The birth of cubism and thereafter

Representing realities and subjects in fragments and deconstructed forms, allowing for viewing from multiple angles, Cubism as a revolutionary new approach was invented around 1907-08 by Picasso and French painter Georges Braque, influenced, among others, by the late work of Paul Cezanne, African and Iberian sculptures, and with a desire to reject the accepted norms of representation. Les Demoiselles d’Avignon (1907) — with five nude women, two of them wearing African masks — is largely considered one of Piccaso’s earliest paintings hinting at cubism.
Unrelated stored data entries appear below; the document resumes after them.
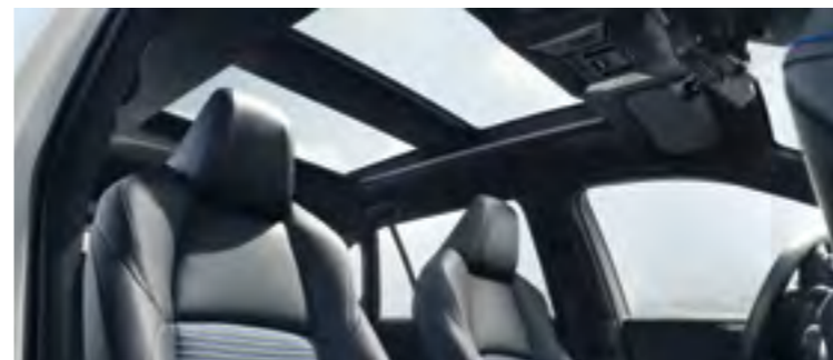
גג פנורמי (Panoramic roof)*

טכנולוגיה חכמה ומחוברת שמעוצבת לפי הדרישות והצרכים שלך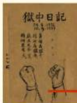
Bản gốc Ngục trung nhật ký (Nhật ký trong tù)

Tháng 8/1942, lấy tên là Hồ Chí Minh, Người đại diện cho Mặt trận Việt Minh và Phân hội Việt Nam thuộc Hiệp hội Quốc tế chống xâm lược sang Trung Quốc bất liên lạc với Đông minh, cùng phối hợp hành động chống phát xít trên chiến trường Thái Bình Dương. Người bị chính quyền địa phương của Tưởng Giới Thạch bắt giam trong các nhà lao của tỉnh Quảng Tây (Trung Quốc). Trong thời gian bị giam giữ, Người viết cuốn Nhật ký trong tù.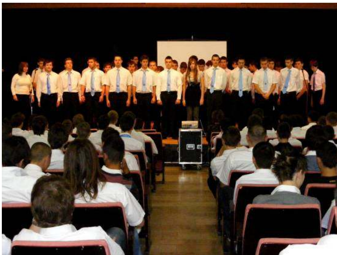
Megemlékezésünk szereplői: a „győri srácok”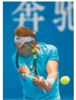
Nadal, en el partit d'ahir a Pequín

punts. En tots sis exercicis va superar aquest registre, un llistó que cap altre gimnasta no va poder aconseguir. La seva nota final va ser de 91,990 punts, amb gairebé dos de diferència respecte del segon classificat.

Still Life with Chair Caning (1912), meanwhile, is celebrated for being modern art’s first collage.

After the World War, at a time when artists across Europe called for ‘le rappel à l’ordre‘ or ‘the return to order’, seeking a revival of the arts of antiquity and classical traditions, Picasso made his first trip to Italy. There he adopted a new classical approach, that soon moved to surrealism that emphasised on depicting images from within one’s unconscious mind.
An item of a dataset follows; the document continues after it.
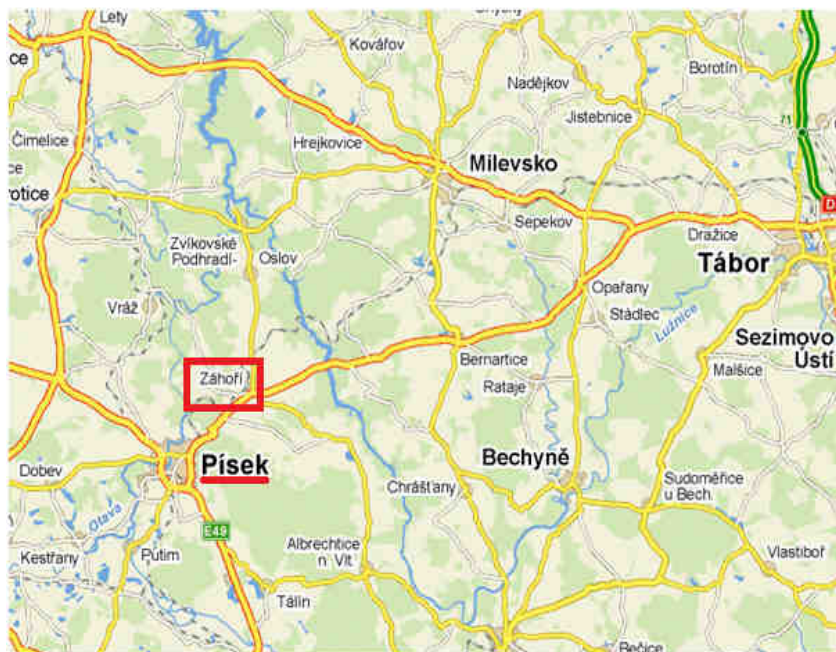
Mapa č. 2: Vymezení obce Záhोří

Lokalizace je pro objekt velmi vhodná neboť knihovna, čítárna, kulturní sály a infocentrum v této oblasti chybí, ale zařízení tohoto typu by mohly být velmi vyhledávané. Vliv stavby na své okolí bude kladný a to zejména z funkčních a estetických důvodů. Na ŽP nebude mít objekt záporné vlivy.

His oeuvre in the subsequent years blended his several influences and saw experiments with varied media, from sculptures to copperplate etchings and ceramics. In 1937, he painted Guernica, one of his largest works, measuring 11 feet tall and 25 feet wide, considered now to be one of the greatest anti-war paintings. Made in response to the bombing of the Basque town Guernica in April 1937, during the Spanish Civil War, it reportedly took Picasso one month to paint and was the highlight of the Spanish pavilion at the Paris International Exposition that year.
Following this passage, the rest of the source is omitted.